*Directions for this task*
Using the entries below, restate word for word only the lines from the one with "[Stylish Skeleton Keychain]" to the final line, leaving the pictures out.

(Saved data entries)
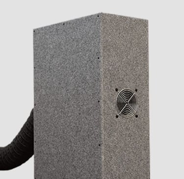 Renovación de aire forzada por extractor de conducto. Compuesta por dos silenciadores (entrada y salida de aire) y una caja de motor externa con manguera flexible de PVC.
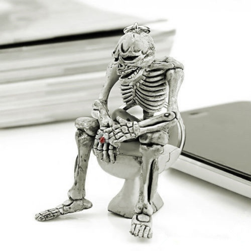 [Stylish Skeleton Keychain] 1pc Stylish Men’s Skeleton Keychain – Alloy Toilet Design Keyring | Durable Metal Keychain for Car Keys or Unique Gifts
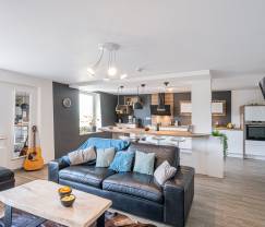 We verbleven met 8 volwassen&7 kinderen in de prachtig gerestaureerde schuur. De keuken is zeer modern&heeft uitgebreide apparatuur. De kamers&badkamers zijn net.De houtkachel biedt extra sfeer&warmte in huis. De mezaninne boven de living werd door de kinderen veelvuldig gebruikt als speelruimte en doordat deze in verbinding staat met de eetruimte/living heb je constant controle over de kids. De houtkachel hottub is ook zeer fijn. De eigenaar communiceert zeer duidelijk en geeft handige tips.
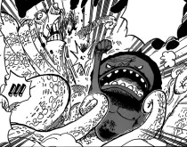- Surume (como animal de estimação de Luffy) vs Wadatsumi (Gyoncorde Plaza).
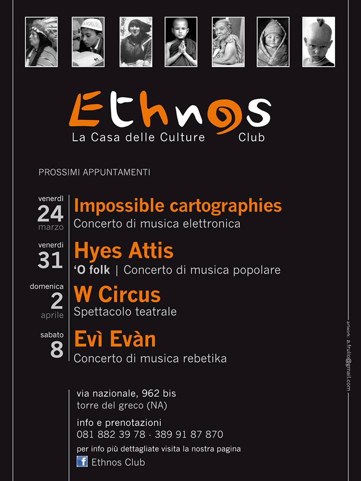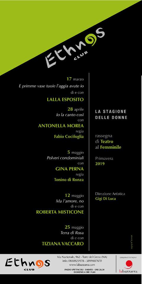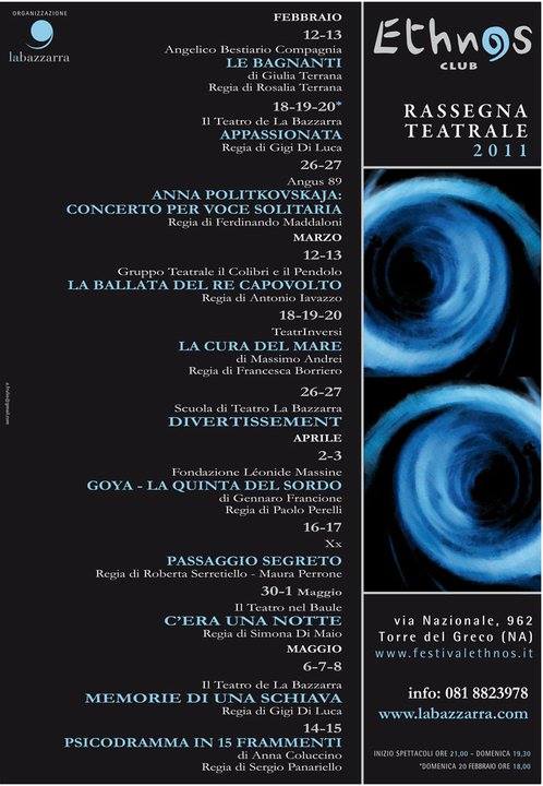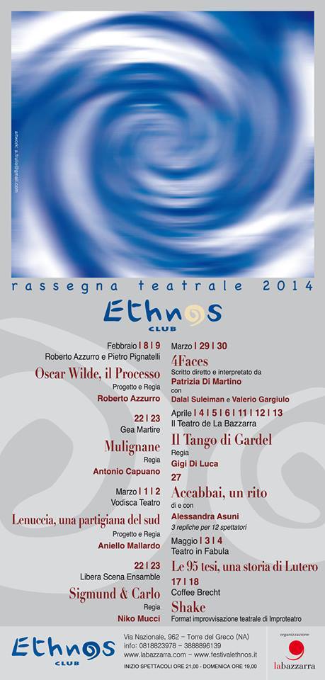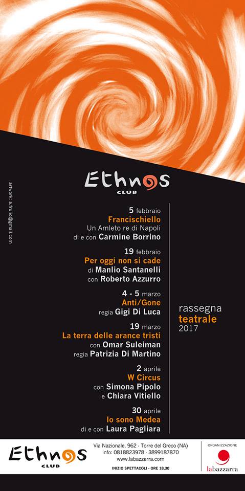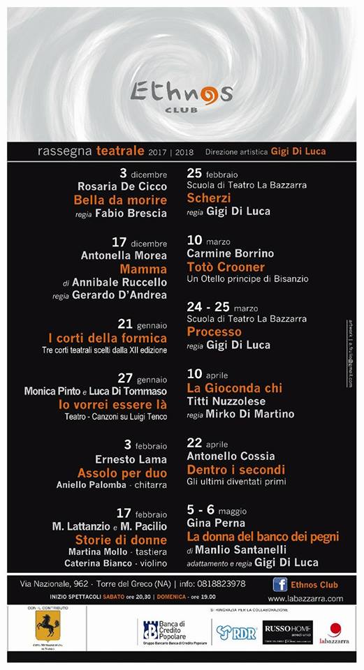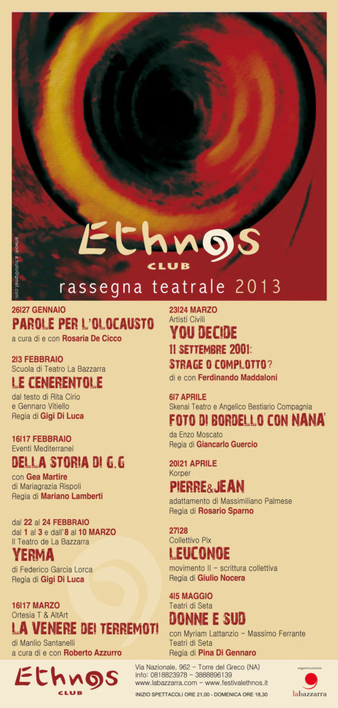Nel corso degli anni sul palco dell’Ethnos Club si sono succeduti spettacoli, concerti, eventi, teatro. Ricordiamo qua brevemente alcune delle iniziative portate avanti: Oscar Wilde, Il Processo progetto e regia di Roberto Azzurro; Mulignane con Gea Russo, da un racconto di Francesca Prisco, regia Antonio Capuano; Lenuccia con Maddalena Stornaiuolo, regia Aniello Mallardo; 4 Faces tratto da Alla meta di T. Bernhard, regia Patrizia Di Martino; Accabbai, un rito di e con Alessandra Asuni; Open – percorsi nei luoghi e nell’arte; Mi Chiamo Albert all’interno della rassegna Teatro in Fabula; Mi chiamo Albert, regia e drammaturgia Ramona Tripodi, con Stefano Ferraro; Coffee Brecht | Shake Teatro di improvvisazione.

*Answer for the task*
 [Stylish Skeleton Keychain] 1pc Stylish Men’s Skeleton Keychain – Alloy Toilet Design Keyring | Durable Metal Keychain for Car Keys or Unique Gifts
 We verbleven met 8 volwassen&7 kinderen in de prachtig gerestaureerde schuur. De keuken is zeer modern&heeft uitgebreide apparatuur. De kamers&badkamers zijn net.De houtkachel biedt extra sfeer&warmte in huis. De mezaninne boven de living werd door de kinderen veelvuldig gebruikt als speelruimte en doordat deze in verbinding staat met de eetruimte/living heb je constant controle over de kids. De houtkachel hottub is ook zeer fijn. De eigenaar communiceert zeer duidelijk en geeft handige tips.
- Surume (como animal de estimação de Luffy) vs Wadatsumi (Gyoncorde Plaza).
Nel corso degli anni sul palco dell’Ethnos Club si sono succeduti spettacoli, concerti, eventi, teatro. Ricordiamo qua brevemente alcune delle iniziative portate avanti: Oscar Wilde, Il Processo progetto e regia di Roberto Azzurro; Mulignane con Gea Russo, da un racconto di Francesca Prisco, regia Antonio Capuano; Lenuccia con Maddalena Stornaiuolo, regia Aniello Mallardo; 4 Faces tratto da Alla meta di T. Bernhard, regia Patrizia Di Martino; Accabbai, un rito di e con Alessandra Asuni; Open – percorsi nei luoghi e nell’arte; Mi Chiamo Albert all’interno della rassegna Teatro in Fabula; Mi chiamo Albert, regia e drammaturgia Ramona Tripodi, con Stefano Ferraro; Coffee Brecht | Shake Teatro di improvvisazione.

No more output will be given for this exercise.